As an archaeometallurgical specialist, I examine assemblages of metalworking residues (mainly slag…) on behalf of field archaeologists, both in academia and in the commercial world. My particular interest is in iron – so although I undertake projects dealing with all sorts of materials, it is with iron that there is the greatest synergy between my commercial work and my research interests. You might have thought we already know all there is to to know about iron making and iron working – but nothing could be further from the truth. This is a dynamic and rapidly advancing branch of archaeometallurgy and experimental work on various techniques is a key aspect of what I do – at least when the opportunity arises.
The reports I’m completing today include two for assemblages from a pair of adjacent Early Medieval sites in central Ireland. Intepreting such material entails bringing together various strands of data:
– there is the overall make-up of the assemblage, the types of slag, their proportions and distribution within the site. Much of that information is produced during the assessment stage of the project.
– there are detailed observations to be made about the form of individual pieces of slag. Often they can be identified to a general process or technology at this stage.
– there are bulk chemical analytical data.
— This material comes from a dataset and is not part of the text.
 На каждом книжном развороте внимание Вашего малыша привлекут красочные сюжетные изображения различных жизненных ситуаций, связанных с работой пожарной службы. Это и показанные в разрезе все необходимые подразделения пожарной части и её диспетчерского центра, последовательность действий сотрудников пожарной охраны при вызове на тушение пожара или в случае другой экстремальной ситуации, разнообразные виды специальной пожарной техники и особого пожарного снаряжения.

I use information generated by XRF (X-Ray Fluoresence Spectrometry) for the major elements and by ICP-MS (Inductively-coupled plasma – mass spectrometry) for the trace elements – thats over 50 elements altogether.
– and there are also the microstructural and microanalytical data that can be obtained by examining polished blocks of material under the SEM (scanning electron microscope). This gives information on the individual minerals within the slag: what they are, how they formed and sometimes what reactions were taking place in the slag before it solidified.
That, then, are the various sorts of data, but the challenge (and the fun) is in the synthesis of that information into an intepretation. That interpretation needs to be both scientifically rigorous and archaeologically useful. It needs to reflect the place of the metalworking activity in the lives, culture and economy of real people. Its not just a case of what was happening, chemically, within a hearth or furnace – but what that means in a human context.
So where is the synthesis of today’s data going? Well, one of the key observations on the material I’m writing up today is that the morphology of the slag tells me it comes from iron working (rather than primary smelting), but it contains a high proportion of material (particularly the elements manganese and barium) that must have been derived from the original smelting of the iron ore. This means that these slags were generated during the refining of the raw iron bloom to produce a useable material.
One of the great debates in early ironworking studies at the moment is whether such slags were generated during a bloomsmithing operation (thats to say the smith alternately heated the raw iron and forged it with a hammer to drive out the slag impurities) or by a remelting process (in which the smith completely melted the raw iron to allow the escape of the trapped slag). In the past it has been assumed that all bloom refining was by bloom smithing – now it seems remelting may have been much more important than we thought.
It is to debates such as this that experimental work can make a great contribution.
Today’s report writing was, at one level, supplying data and interpretation to a developer-funded project – and relates to the interpretation of life in 7th century Ireland. At another level it was another piece of the jigsaw in trying to understand a key early technology used in many parts of Europe. It will be a while before that all comes together as a comprehensive understanding of the technique – but when it does, that information can then be fed back again into the understanding of people’s lives 1400 years ago.